- _GOAL OF THE EXERCISE_:
Output exactly the lines of the listing below that run from the line with "#367Een aardewerken beeldje" through the line with "资金流向方面,国证红利(39". No pictures.

*** Opening of RECORDED DATA ***

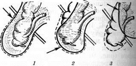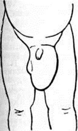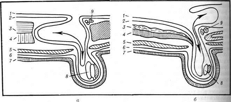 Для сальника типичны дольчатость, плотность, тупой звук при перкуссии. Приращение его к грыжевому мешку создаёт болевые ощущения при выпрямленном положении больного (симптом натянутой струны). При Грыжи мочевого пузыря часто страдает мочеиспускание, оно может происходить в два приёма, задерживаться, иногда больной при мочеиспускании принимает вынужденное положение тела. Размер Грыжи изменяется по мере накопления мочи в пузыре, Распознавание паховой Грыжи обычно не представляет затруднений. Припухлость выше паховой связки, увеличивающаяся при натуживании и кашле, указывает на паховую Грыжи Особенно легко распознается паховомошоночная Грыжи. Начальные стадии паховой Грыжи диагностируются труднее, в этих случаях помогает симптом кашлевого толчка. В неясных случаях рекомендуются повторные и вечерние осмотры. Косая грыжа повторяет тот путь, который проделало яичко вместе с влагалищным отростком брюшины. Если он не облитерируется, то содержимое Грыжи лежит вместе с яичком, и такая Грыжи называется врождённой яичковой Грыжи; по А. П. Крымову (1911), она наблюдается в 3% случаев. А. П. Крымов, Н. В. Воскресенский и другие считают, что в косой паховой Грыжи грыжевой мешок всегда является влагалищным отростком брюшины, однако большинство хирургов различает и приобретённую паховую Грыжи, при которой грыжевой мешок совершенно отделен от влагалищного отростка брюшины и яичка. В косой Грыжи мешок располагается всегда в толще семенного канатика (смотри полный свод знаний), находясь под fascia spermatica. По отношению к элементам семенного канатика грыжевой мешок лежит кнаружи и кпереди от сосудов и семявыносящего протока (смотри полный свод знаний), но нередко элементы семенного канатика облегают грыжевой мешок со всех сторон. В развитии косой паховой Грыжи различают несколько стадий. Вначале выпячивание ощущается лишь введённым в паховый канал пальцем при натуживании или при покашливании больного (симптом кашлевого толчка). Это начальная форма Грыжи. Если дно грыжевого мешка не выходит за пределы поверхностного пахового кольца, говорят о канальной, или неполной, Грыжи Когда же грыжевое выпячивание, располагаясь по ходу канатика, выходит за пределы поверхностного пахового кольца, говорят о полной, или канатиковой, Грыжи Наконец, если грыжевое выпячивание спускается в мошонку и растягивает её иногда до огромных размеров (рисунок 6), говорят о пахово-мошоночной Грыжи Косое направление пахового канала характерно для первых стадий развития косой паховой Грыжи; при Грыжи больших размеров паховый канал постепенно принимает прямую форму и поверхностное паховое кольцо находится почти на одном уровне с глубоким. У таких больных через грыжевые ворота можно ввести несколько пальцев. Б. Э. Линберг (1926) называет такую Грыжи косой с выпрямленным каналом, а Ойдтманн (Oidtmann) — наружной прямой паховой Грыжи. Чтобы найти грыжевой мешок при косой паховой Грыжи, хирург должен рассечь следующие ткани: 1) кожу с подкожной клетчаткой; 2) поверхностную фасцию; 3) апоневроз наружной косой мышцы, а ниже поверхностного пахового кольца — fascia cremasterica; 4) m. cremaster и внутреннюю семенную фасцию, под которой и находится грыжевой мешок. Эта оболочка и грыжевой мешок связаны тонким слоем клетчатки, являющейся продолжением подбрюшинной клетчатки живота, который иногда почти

*** Close of RECORDED DATA ***
*** Opening of RECORDED DATA ***

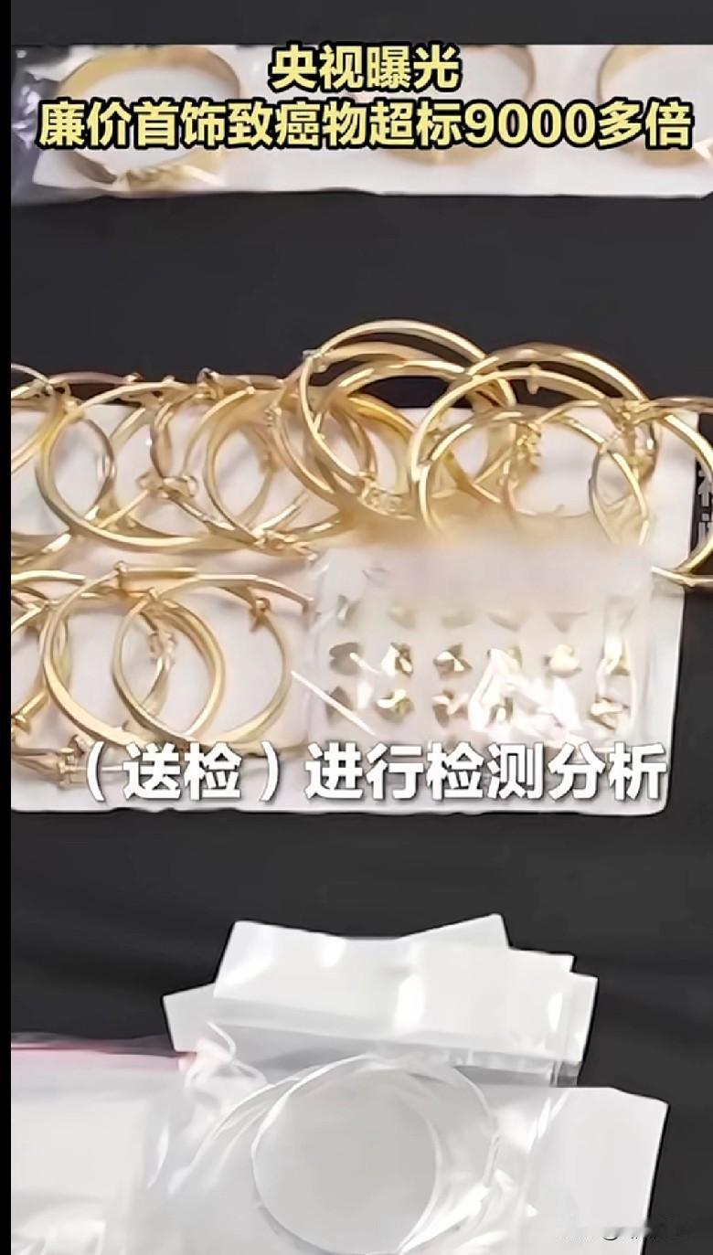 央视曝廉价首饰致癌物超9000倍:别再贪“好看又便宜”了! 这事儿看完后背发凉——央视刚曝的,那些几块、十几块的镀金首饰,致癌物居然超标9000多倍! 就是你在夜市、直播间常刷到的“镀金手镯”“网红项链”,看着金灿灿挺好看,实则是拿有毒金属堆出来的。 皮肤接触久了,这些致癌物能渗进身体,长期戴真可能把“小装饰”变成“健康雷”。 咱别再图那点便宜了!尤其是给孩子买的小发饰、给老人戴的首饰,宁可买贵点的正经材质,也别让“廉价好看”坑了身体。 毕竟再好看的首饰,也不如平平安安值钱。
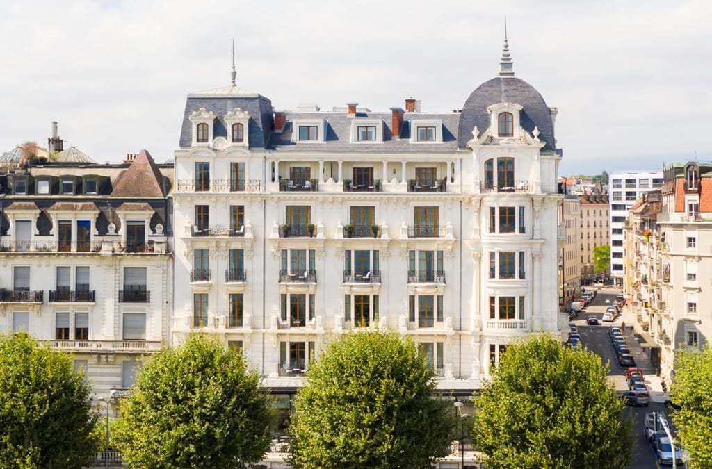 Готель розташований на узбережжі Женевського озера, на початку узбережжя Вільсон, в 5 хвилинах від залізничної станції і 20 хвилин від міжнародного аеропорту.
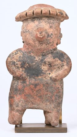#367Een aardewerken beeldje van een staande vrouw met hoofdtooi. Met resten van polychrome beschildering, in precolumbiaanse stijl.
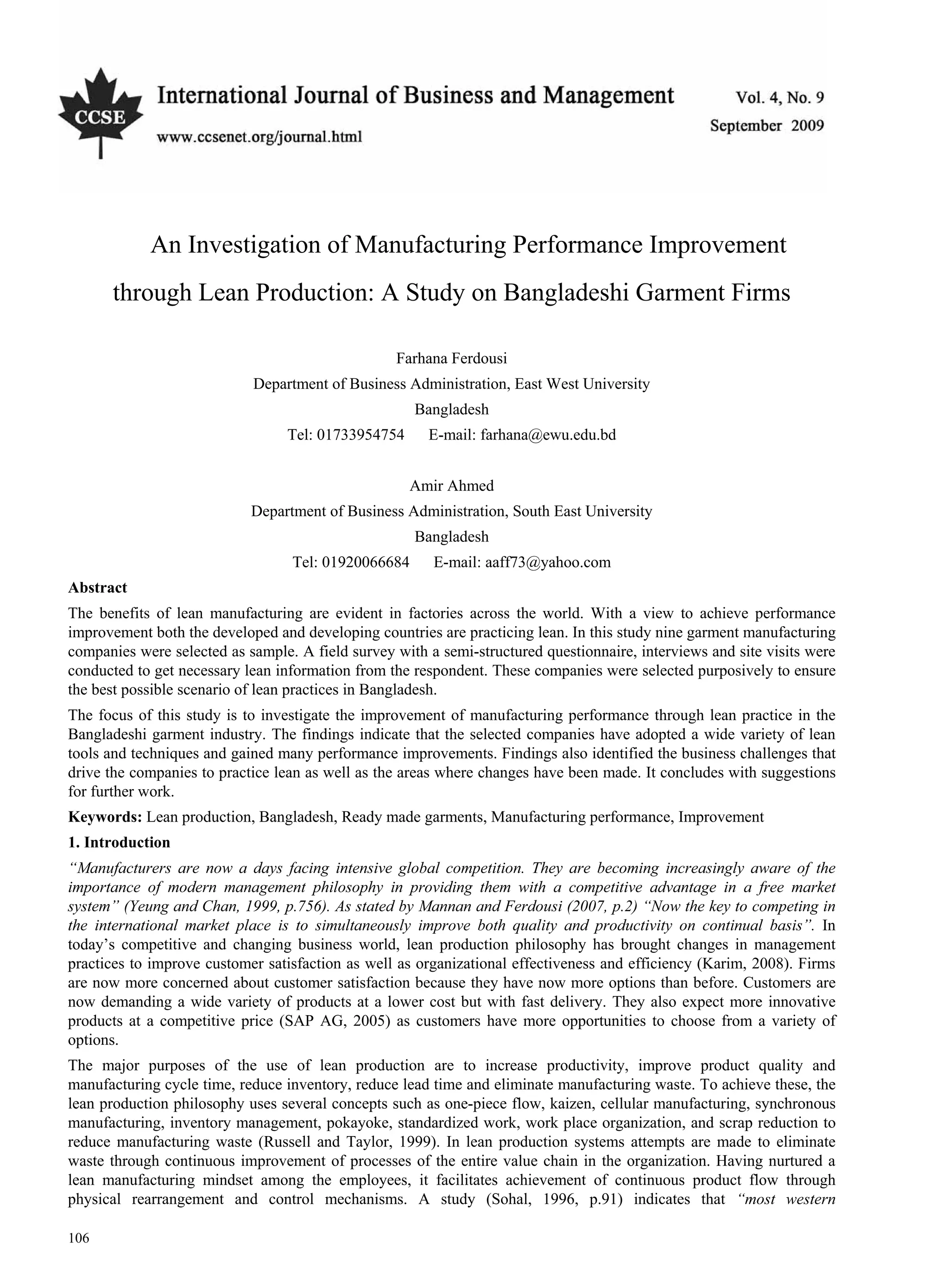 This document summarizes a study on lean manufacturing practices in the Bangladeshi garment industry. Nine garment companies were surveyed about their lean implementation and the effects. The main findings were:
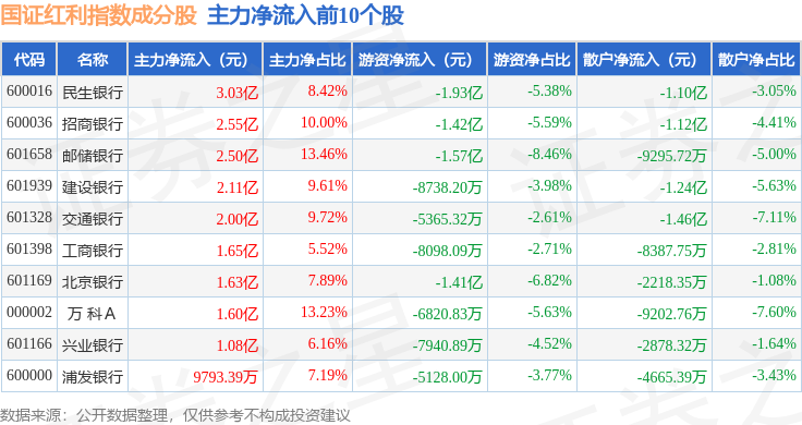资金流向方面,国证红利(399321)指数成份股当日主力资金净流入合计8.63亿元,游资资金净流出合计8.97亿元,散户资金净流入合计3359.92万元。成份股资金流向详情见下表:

*** Close of RECORDED DATA ***
*** Opening of RECORDED DATA ***

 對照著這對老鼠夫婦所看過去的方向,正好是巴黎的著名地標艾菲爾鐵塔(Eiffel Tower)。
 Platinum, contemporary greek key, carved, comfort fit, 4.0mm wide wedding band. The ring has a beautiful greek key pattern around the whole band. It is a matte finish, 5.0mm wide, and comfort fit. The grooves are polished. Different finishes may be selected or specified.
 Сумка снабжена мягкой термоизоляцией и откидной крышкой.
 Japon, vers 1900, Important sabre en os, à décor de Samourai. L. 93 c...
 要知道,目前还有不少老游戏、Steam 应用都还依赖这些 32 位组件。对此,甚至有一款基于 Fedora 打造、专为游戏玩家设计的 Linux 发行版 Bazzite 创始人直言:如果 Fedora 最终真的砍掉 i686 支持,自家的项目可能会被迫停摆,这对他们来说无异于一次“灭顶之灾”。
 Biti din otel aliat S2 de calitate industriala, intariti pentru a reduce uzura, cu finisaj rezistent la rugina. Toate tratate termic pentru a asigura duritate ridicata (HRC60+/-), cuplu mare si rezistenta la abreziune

*** Close of RECORDED DATA ***

- _TASK ANSWER_:
#367Een aardewerken beeldje van een staande vrouw met hoofdtooi. Met resten van polychrome beschildering, in precolumbiaanse stijl.
 This document summarizes a study on lean manufacturing practices in the Bangladeshi garment industry. Nine garment companies were surveyed about their lean implementation and the effects. The main findings were:
资金流向方面,国证红利(399321)指数成份股当日主力资金净流入合计8.63亿元,游资资金净流出合计8.97亿元,散户资金净流入合计3359.92万元。成份股资金流向详情见下表:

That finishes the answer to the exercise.